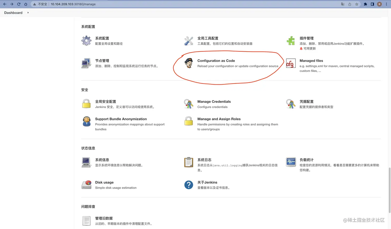 - 登录到页面 选择左侧菜单的 系统管理 -> 然后选择 configuration-as-code 图二红圈
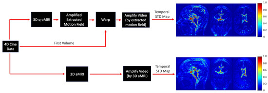 To validate the ability of 3D q-aMRI to accurately quantify the observed motion in 3D aMRI, we followed three steps. First, 3D aMRI was used to amplify the signal in the 4D in vivo data. Then, the voxel displacement field was calculated using 3D q-aMRI, and a second amplified video was created by warping the first volume in the data according to an amplified version of the estimated motion field. Next, normalized temporal standard deviation maps were calculated for both amplified videos (Figure 3), and these were compared qualitatively.
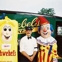 Schwebel's Mascots Happy the Clown and Toasti stand with a Schwebel's driver in front of one of the original delivery…
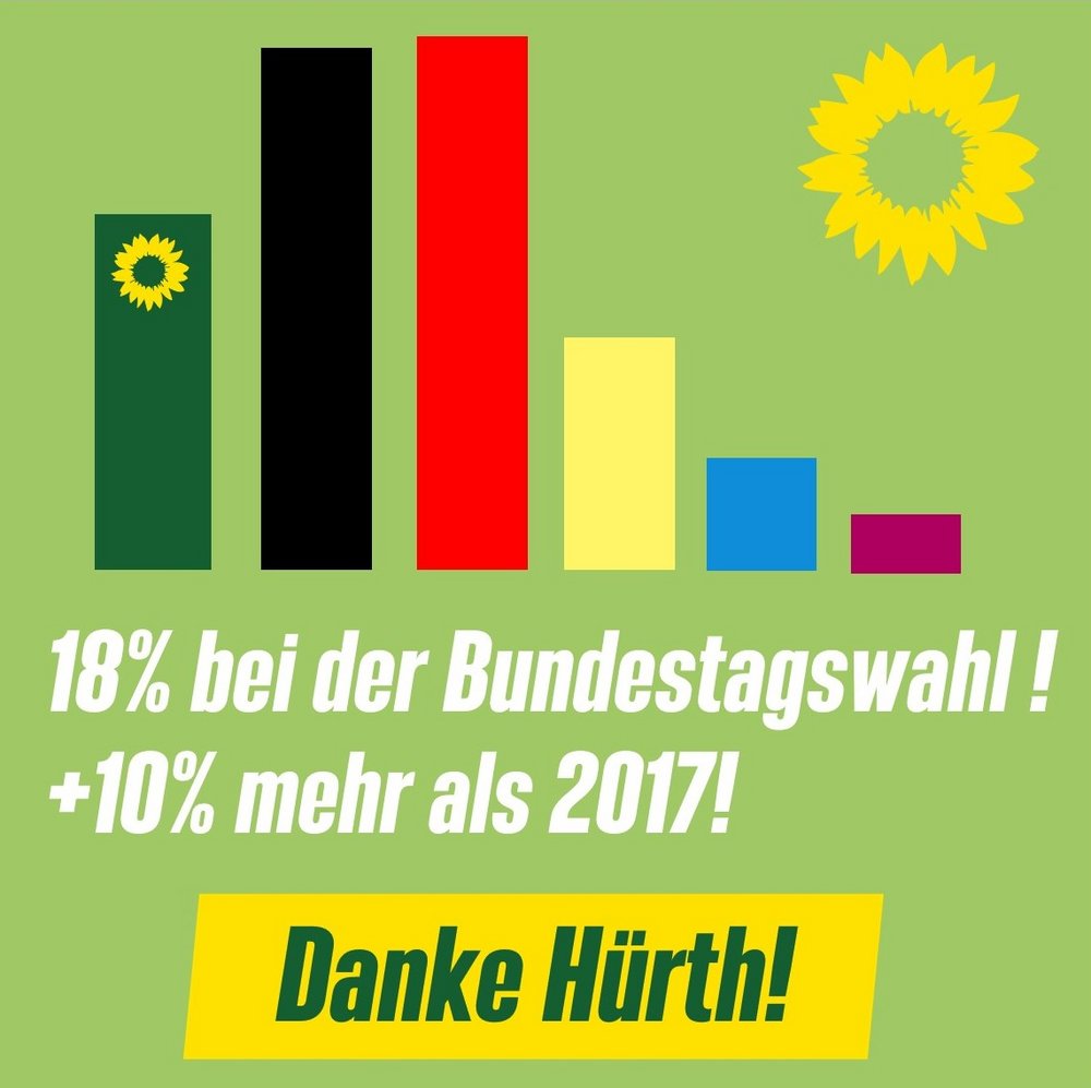 Wir freuen uns sehr über 18,3% der Wählerstimmen in Hürth. Vielen Dank an alle Wähler*innen! Das ist ein tolles Ergebnis, das uns auch in Hürth in unserer Arbeit stärkt für Klimaschutz, ein soziales Miteinander, gute Bildung und eine zukunftsfähige Wirtschaft.
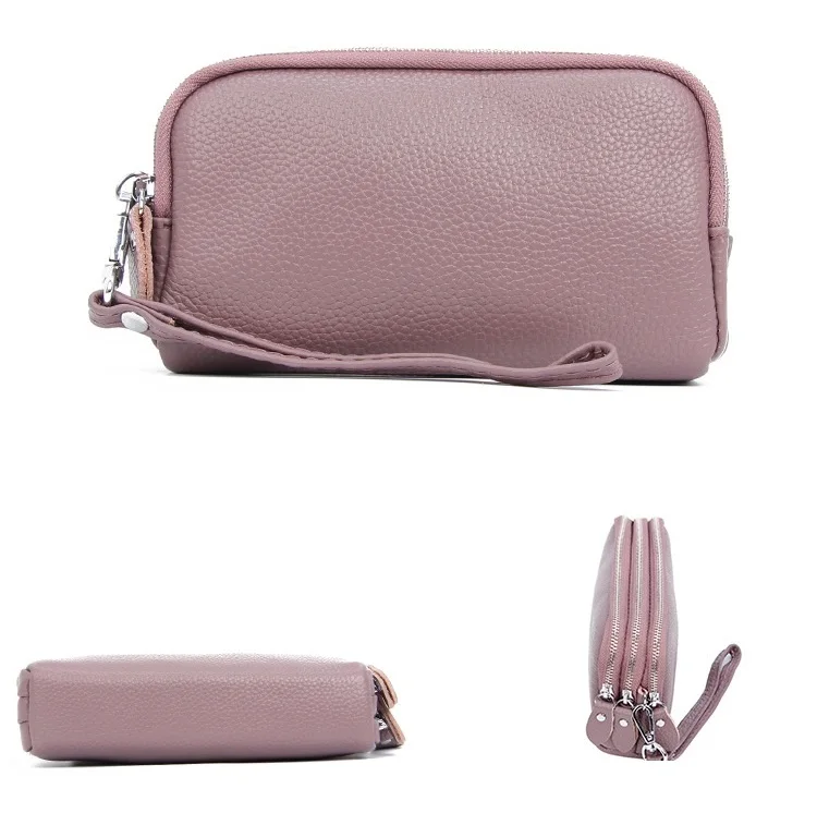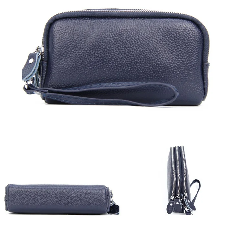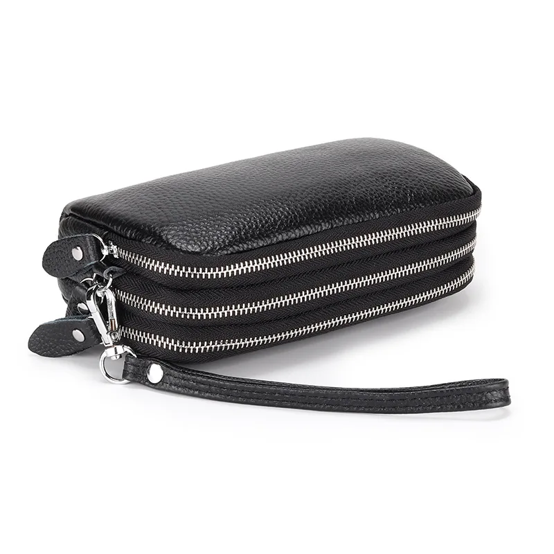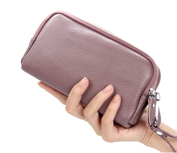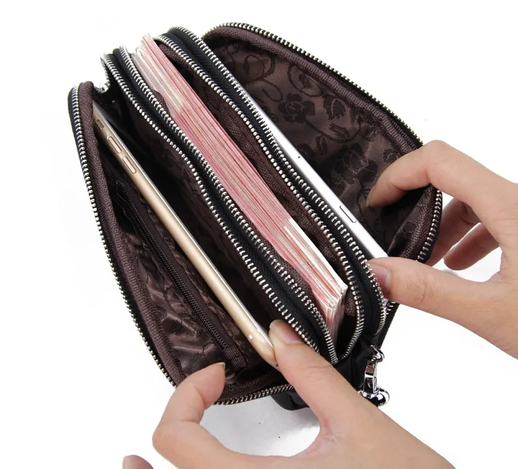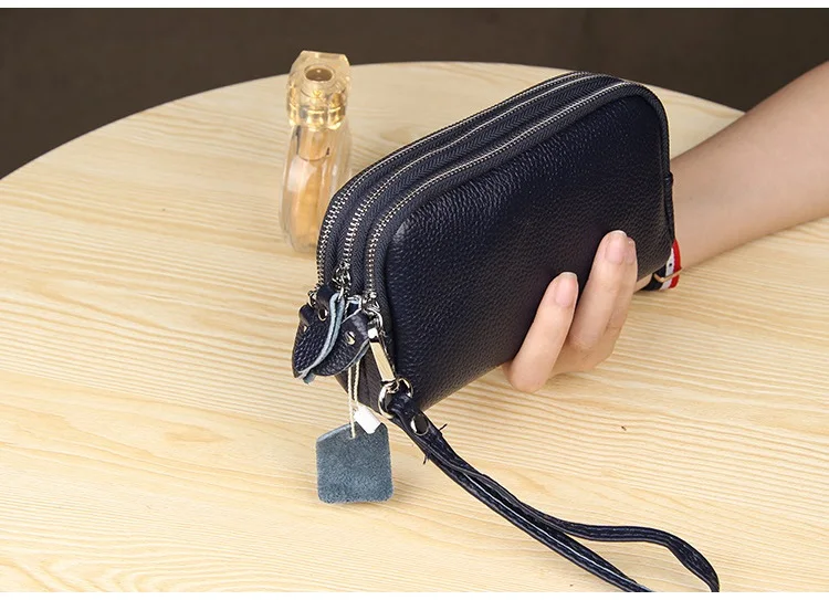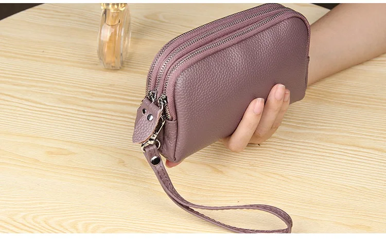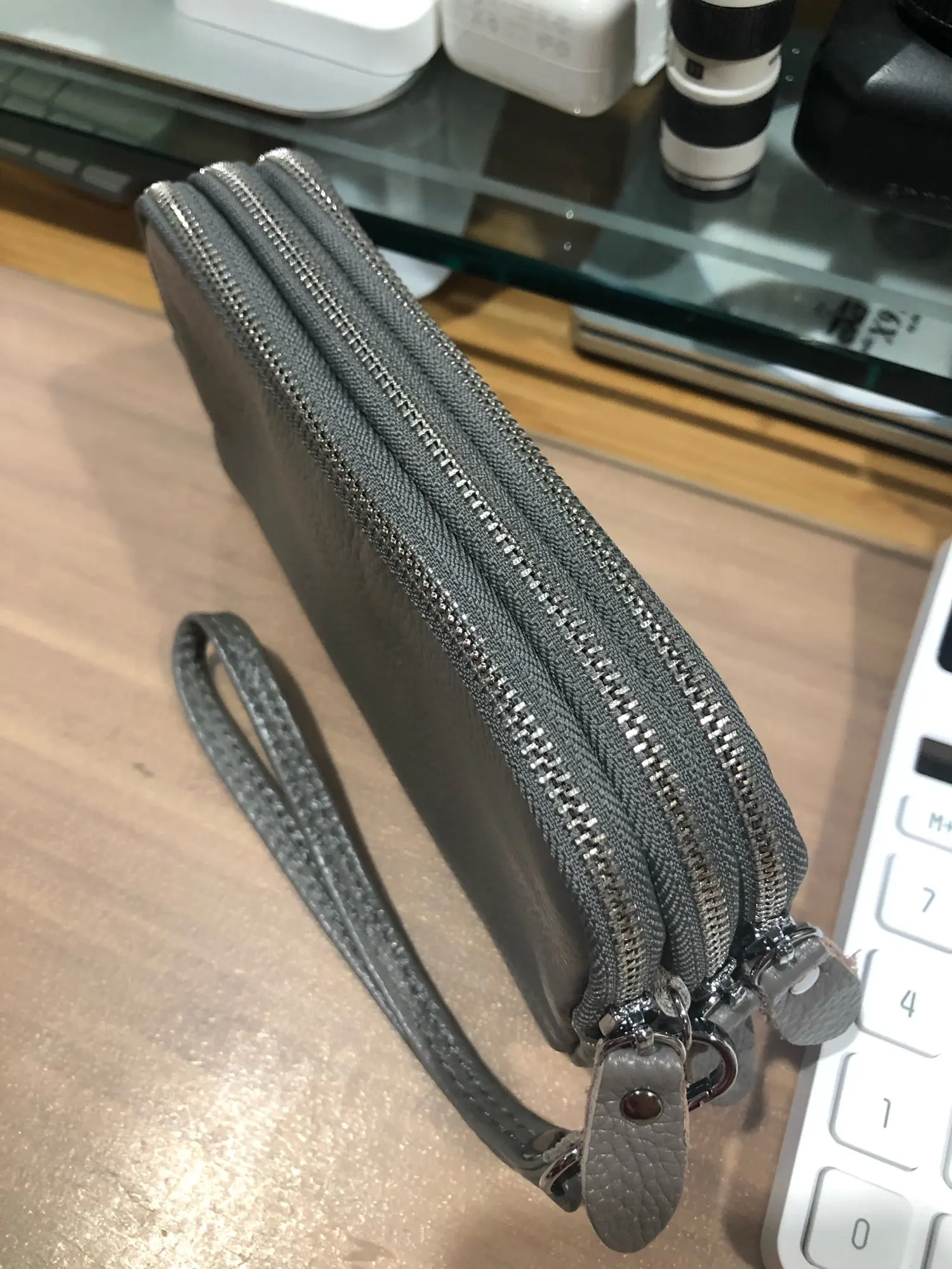 Женский Длинный кошелек MJ, из натуральной кожи, трехслойный кошелек на молнии, клатч с ремешком на запястье, Сумочка для телефона, кошельки
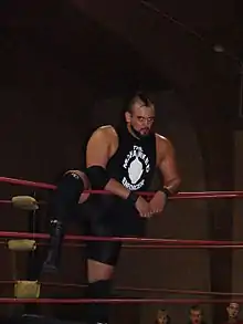 In 2007, Bauer joined the Big Business faction with Arion and Brian Milones, and were managed by Cherry Payne.[4][5] On March 30 Bauer and Arion won the CW Tag Team Championship by defeating Jason Blade and Kid Mikaze, but then lost it to Blade and Mikaze on May 18.[5][7][9][10] On October 19, Bauer and Arion defeated Bryan Logan and Brian Fury.[11] At the end of 2007 and start of 2008, Big Business were involved in a rivalry with Brian Fury, with all members taking him on in both singles and tag team matches.[12][13] Bauer later broke away from Big Business, and began competing in singles matches, before forming a short-lived tag team with Chase Del Monte.[14][15] On December 5, Bauer competed in a six-way number one contender's match, but it was won by "Big" Rick Fuller.[16] In 2009, Bauer formed a tag team with Tommaso Ciampa.[17][18]
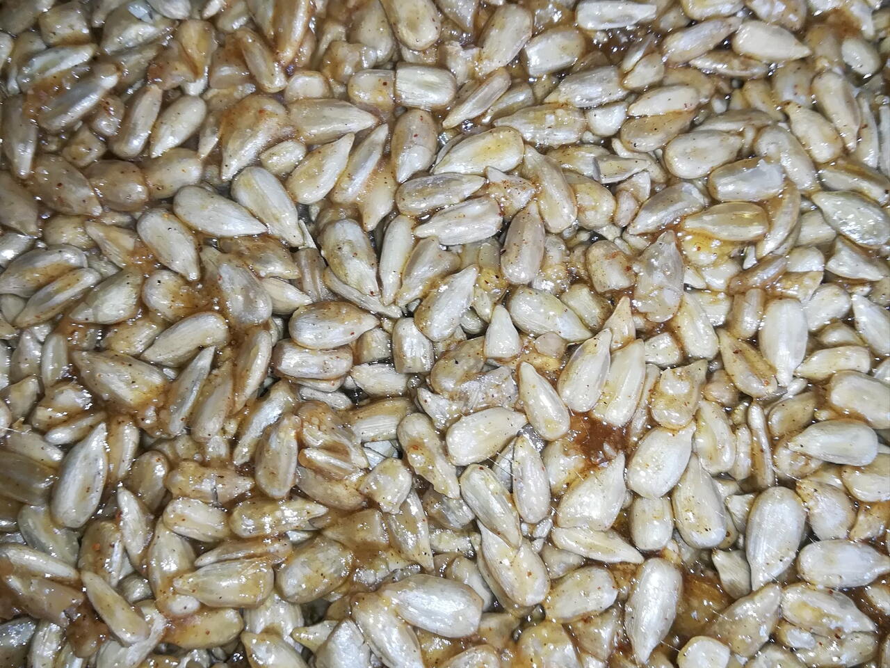 Den Zucker in einer beschichten Pfanne karamellisieren lassen mit dem Rosenwasser ablöschen und mit Zimt würzen. Sonnenblumenkerne dazu geben alles vermengen. Auf einem Blatt Backpapier glatt streichen. Auskühlen lassen.
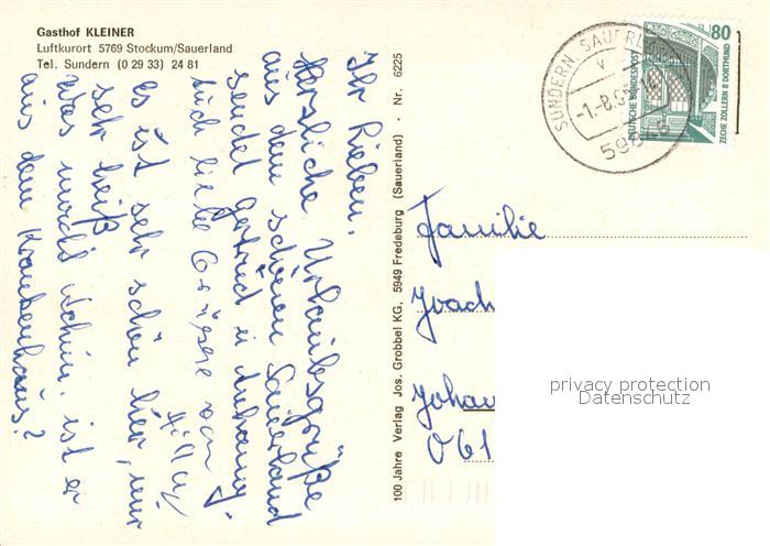 73646329 alte Postkarte Stockum Sauerland Gasthof Kleiner postalisch gelaufen Erhaltung siehe scans [FriedD77] KatCode: 11110005958044
++++++++++
■ **Aim of the exercise**
Copy the listing above in full and exactly, but omit each picture that it holds.

■ **Solution to the problem**
 - 登录到页面 选择左侧菜单的 系统管理 -> 然后选择 configuration-as-code 图二红圈
 To validate the ability of 3D q-aMRI to accurately quantify the observed motion in 3D aMRI, we followed three steps. First, 3D aMRI was used to amplify the signal in the 4D in vivo data. Then, the voxel displacement field was calculated using 3D q-aMRI, and a second amplified video was created by warping the first volume in the data according to an amplified version of the estimated motion field. Next, normalized temporal standard deviation maps were calculated for both amplified videos (Figure 3), and these were compared qualitatively.
 Schwebel's Mascots Happy the Clown and Toasti stand with a Schwebel's driver in front of one of the original delivery…
 Wir freuen uns sehr über 18,3% der Wählerstimmen in Hürth. Vielen Dank an alle Wähler*innen! Das ist ein tolles Ergebnis, das uns auch in Hürth in unserer Arbeit stärkt für Klimaschutz, ein soziales Miteinander, gute Bildung und eine zukunftsfähige Wirtschaft.
 Женский Длинный кошелек MJ, из натуральной кожи, трехслойный кошелек на молнии, клатч с ремешком на запястье, Сумочка для телефона, кошельки
 In 2007, Bauer joined the Big Business faction with Arion and Brian Milones, and were managed by Cherry Payne.[4][5] On March 30 Bauer and Arion won the CW Tag Team Championship by defeating Jason Blade and Kid Mikaze, but then lost it to Blade and Mikaze on May 18.[5][7][9][10] On October 19, Bauer and Arion defeated Bryan Logan and Brian Fury.[11] At the end of 2007 and start of 2008, Big Business were involved in a rivalry with Brian Fury, with all members taking him on in both singles and tag team matches.[12][13] Bauer later broke away from Big Business, and began competing in singles matches, before forming a short-lived tag team with Chase Del Monte.[14][15] On December 5, Bauer competed in a six-way number one contender's match, but it was won by "Big" Rick Fuller.[16] In 2009, Bauer formed a tag team with Tommaso Ciampa.[17][18]
 Den Zucker in einer beschichten Pfanne karamellisieren lassen mit dem Rosenwasser ablöschen und mit Zimt würzen. Sonnenblumenkerne dazu geben alles vermengen. Auf einem Blatt Backpapier glatt streichen. Auskühlen lassen.
 73646329 alte Postkarte Stockum Sauerland Gasthof Kleiner postalisch gelaufen Erhaltung siehe scans [FriedD77] KatCode: 11110005958044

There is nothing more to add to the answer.